However, the proposals do let paternalism in by the back door, just as subsequent case law (e.g. !Re W, 1992) has done in relation to children's competence to refuse treatment. This happens in a rather subtle manner, relating to the quality of the decision as judged by a court or other decision-making body. After stipulating that the best interests of a person without capacity must weight in “the ascertainable past and present wishes and feelings of the person concerned”, Section 1.11 of Making Decisions immediately backtracks by adding “and the factors that the person would consider if able to do so”. Clearly there is a risk that these factors will be those that the person making the decision on behalf of the incompetent person would have taken into account. In other words, although Making Decisions does explicitly say that the decision need not be prudent (1.9) there is a ‘catch-22’ here. “If able to do so”, it may well be assumed, the person without capacity would have considered all the factors that go towards making a prudent decision, or at least a decision that professionals caring for him or her find prudent. Therefore there is a risk that any decision that does not conform to professionals' own standard of prudence may not be viewed as reflecting the ‘true wishes’ of the incompetent patient. (A similar problem concerning children's ‘true wishes’ is explored in some detail in Dickenson & Jones (1995).)
There is a tension between Section 1.11 and the firm provision in Section 1.9 that a person whose capacity is in doubt “should not be regarded as incapable [of making his own decisions] because the decisions he reaches appear to others to be unwise or irrational”.
One way of resolving the tension is to distinguish between the decision itself (which need not be sensible prima facie) and the diligence with which it is made. But this distinction is not always easy to make, of course. At any rate, the Government's proposals are certainly less paternalistic than the definition that was at one point being considered by the Richardson Committee:
“A person lacks capacity where, although intellectually able to understand and apply the information, that person none the less reaches a judgement which he or she would not have reached in the absence of mental disorder. Such a judgement can be said to be primarily a product of the disorder and not to reflect the person's true preferences.”
Consent
The issue of whether a person without capacity must give active consent to treatment and admission, or whether absence of dissent is enough, is not explicitly covered in Making Decisions. This may seem surprising and troubling, given the importance of the Bournewood case and the manner in which it appears to allow absence of dissent as ‘good enough’. However, it is probably fair to say that the document generally envisages a more active role for adults incapacitated by mental illness. For example, it emphasises that “All practicable steps must be taken to enable a person without capacity to communicate their decisions” (1.6). Similarly, the checklist for assessing best interests includes
“the need to permit and encourage the person to participate or improve his or her ability to participate as fully as possible in anything done for and any decision affecting him or her” (1.11).

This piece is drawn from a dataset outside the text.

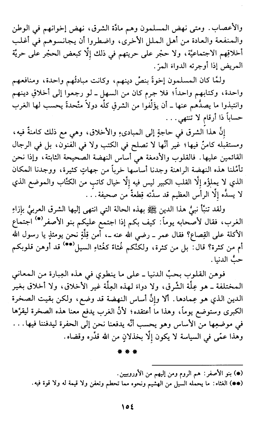 ولقد تنبأ نبي هذا الدين صلى الله عليه وسلم بهذه الحالة التي انتهى إليها الشرق العربي بإزاء الغرب، فقال لأصحابه يومًا: كيف بكم إذا اجتمع عليكم بنو الأصفر* اجتماع الأكلة على القصاع؟ فقال عمر رضي الله عنه: أمن قلة نحن يومئذ يا رسول الله أم من كثرة؟ قال: بل من كثرة، ولكنكم غثاء كغثاء السيل** قد أوهن قلوبكم حب الدنيا.

It remains to be seen whether any subsequent legislation, and its interpretation in case law, will eventually be extended into requiring an active consent to treatment, putting incapacitated persons on a level with other adults and reversing the effect of Bournewood.
Conclusion
I argued at the beginning of this paper that the effect of the Bournewood decision was to treat informally admitted patients without capacity as significantly different from all other adults, including the comatose, in so far as relatives' decisions can determine their fate. Furthermore, whereas consent is generally presumed to be active, the Bournewood case confirms that mere absence of resistance is enough in the case of an informally admitted patient without capacity. One might argue that this is exactly the reverse of what ought to apply, given that psychiatrists are perhaps required more often than are other sorts of doctor to treat patients who do not consent (Reference DickensonDickenson, 1997).
The effect of these two provisions, I argued, was to place incapacitated patients beyond the pale of how English law generally conceptualises the adult individual, whose rights of self-determination are firmly rooted. The new proposals on a statutory definition of best interests likewise allow a specific role to the views of relatives and other carers in the checklist to be followed in determining what constitutes the patient's best interests. They also allow paternalism in through the back door, by permitting consideration of factors that the patient would have taken into account if competent. However, one might also argue that they are beneficial to the autonomy of the incapacitated in their provisions about a personal manager and in the explicit statement that the treatment decision that an incapacitated patient reaches need not be rational or prudent.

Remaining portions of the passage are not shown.